The withdrawal of the 15th Guards Tank Division to Chebarkul was completed in early 1991.

Major General Alexey Maslov, previously deputy division commander, commanded the division between 1994 and 1998.

During the First Chechen War, soldiers from the division were detached to serve in Chechnya with the 276th and 324th Motor Rifle Regiments of the 34th Motor Rifle Division. As the 34th was a low-readiness division with few personnel (the 324th had only four personnel permanently assigned), both regiments had to draw on personnel from the entire Ural Military District before deploying to Chechnya. At Chebarkul, a motor rifle regiment of the 15th Guards Tank Division was used to form one of the two motor rifle battalions of the 276th Motor Rifle Regiment in December 1994. A reconnaissance company commander of the division sent to Chechnya with the 276th, Major Vladimir Korgutov, was made a Hero of the Russian Federation for his leadership in Chechnya.
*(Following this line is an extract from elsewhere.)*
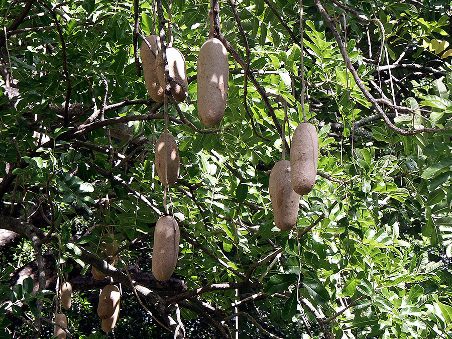 Recht stabil sind die gut 40 Zentimeter langen Früchte. Sie sind wurstförmig und faserig verholzt. Die ungeflügelten braunen Samen stecken in einer feuchten, eiweißhaltigen Einbettung in der Wurstfrucht des Baumes. Elefanten, Giraffen, auch Paviane schätzen diese Früchte. Vom Menschen werden die Früchte kaum genutzt. Früchte, Rinde und Wurzeln werden von Einheimischen zur Herstellung von Heilmitteln verwendet. Man setzt diese bei Bandwürmern, Geschwüren, Rheuma und Ruhr, aber auch gegen Syphilis ein. Der Stamm des Baumes eignet sich zum Bau von Booten.

The division was disbanded in December 1999 with seven of its units at Chebarkul becoming part of the 34th Motor Rifle Division.

The 239th Guards Vitebsk Order of Suvorov Tank Regiment of the division continued to exist as of 7 June 2001, when it was commanded by Colonel N. Shabaldeyev.

A T-72 from the division is on display at the UMMC Military Museum in Verkhnyaya Pyshma.